[TASK] Every line below from the one with "وأبرز المصدر ذاته،" through the one with "નાગાલેન્ડ ના લૉંગલેન" should be retyped exactly, both ends included; no other lines and no pictures.

[WORKING DATA]
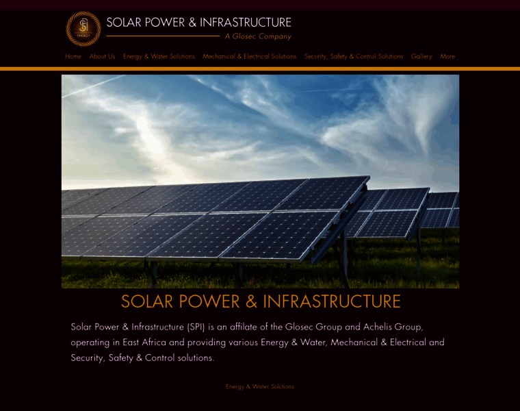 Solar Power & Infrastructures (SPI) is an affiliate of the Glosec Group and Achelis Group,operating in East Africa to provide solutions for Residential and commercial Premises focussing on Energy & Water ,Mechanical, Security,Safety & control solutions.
--
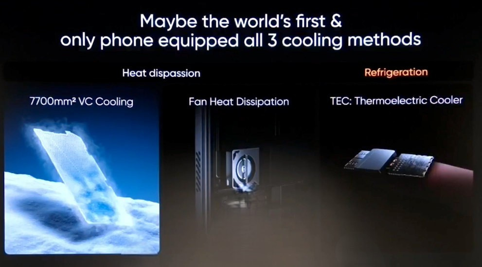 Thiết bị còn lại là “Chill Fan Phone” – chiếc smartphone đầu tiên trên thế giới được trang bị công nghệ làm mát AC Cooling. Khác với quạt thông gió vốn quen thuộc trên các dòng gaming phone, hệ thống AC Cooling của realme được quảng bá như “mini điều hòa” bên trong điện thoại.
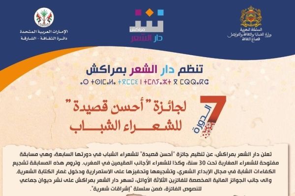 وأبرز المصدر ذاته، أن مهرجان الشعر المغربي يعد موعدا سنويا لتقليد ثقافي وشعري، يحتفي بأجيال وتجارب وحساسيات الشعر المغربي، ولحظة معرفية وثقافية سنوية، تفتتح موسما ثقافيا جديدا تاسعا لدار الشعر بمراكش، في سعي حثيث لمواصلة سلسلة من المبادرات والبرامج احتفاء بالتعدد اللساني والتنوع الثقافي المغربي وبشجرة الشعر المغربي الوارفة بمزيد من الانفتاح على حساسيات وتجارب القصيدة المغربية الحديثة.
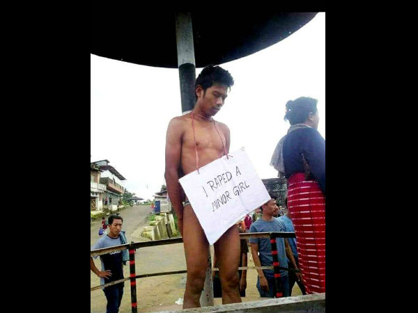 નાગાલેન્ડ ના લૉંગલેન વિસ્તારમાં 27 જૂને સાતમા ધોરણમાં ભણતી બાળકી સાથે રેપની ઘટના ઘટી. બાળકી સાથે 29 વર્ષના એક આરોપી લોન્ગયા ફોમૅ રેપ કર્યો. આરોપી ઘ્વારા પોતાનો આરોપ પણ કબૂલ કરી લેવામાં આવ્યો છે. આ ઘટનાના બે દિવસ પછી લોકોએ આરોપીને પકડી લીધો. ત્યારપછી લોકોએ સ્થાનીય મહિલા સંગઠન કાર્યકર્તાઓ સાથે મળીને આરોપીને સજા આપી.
---
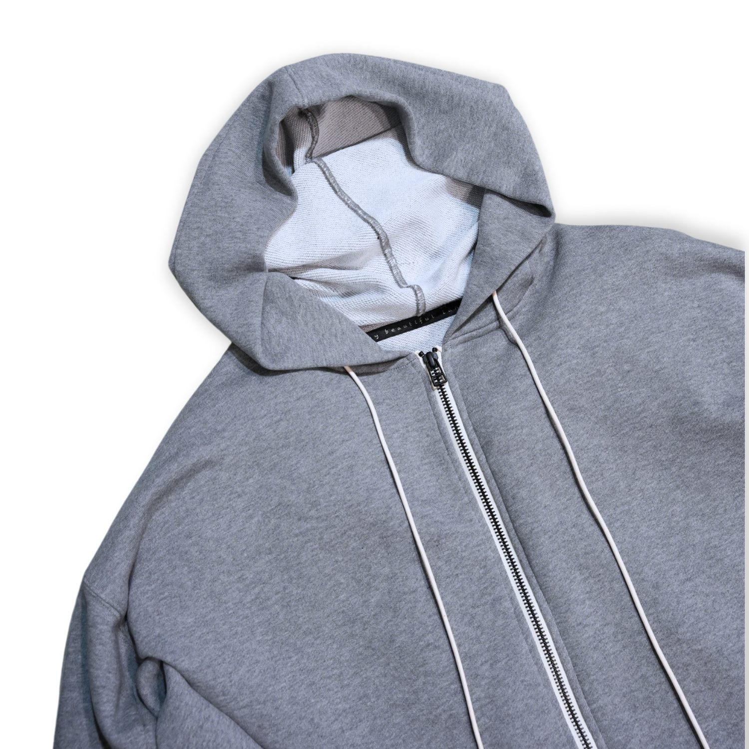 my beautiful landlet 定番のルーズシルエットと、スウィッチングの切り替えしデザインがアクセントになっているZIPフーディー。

[RESPONSE]
 وأبرز المصدر ذاته، أن مهرجان الشعر المغربي يعد موعدا سنويا لتقليد ثقافي وشعري، يحتفي بأجيال وتجارب وحساسيات الشعر المغربي، ولحظة معرفية وثقافية سنوية، تفتتح موسما ثقافيا جديدا تاسعا لدار الشعر بمراكش، في سعي حثيث لمواصلة سلسلة من المبادرات والبرامج احتفاء بالتعدد اللساني والتنوع الثقافي المغربي وبشجرة الشعر المغربي الوارفة بمزيد من الانفتاح على حساسيات وتجارب القصيدة المغربية الحديثة.
 નાગાલેન્ડ ના લૉંગલેન વિસ્તારમાં 27 જૂને સાતમા ધોરણમાં ભણતી બાળકી સાથે રેપની ઘટના ઘટી. બાળકી સાથે 29 વર્ષના એક આરોપી લોન્ગયા ફોમૅ રેપ કર્યો. આરોપી ઘ્વારા પોતાનો આરોપ પણ કબૂલ કરી લેવામાં આવ્યો છે. આ ઘટનાના બે દિવસ પછી લોકોએ આરોપીને પકડી લીધો. ત્યારપછી લોકોએ સ્થાનીય મહિલા સંગઠન કાર્યકર્તાઓ સાથે મળીને આરોપીને સજા આપી.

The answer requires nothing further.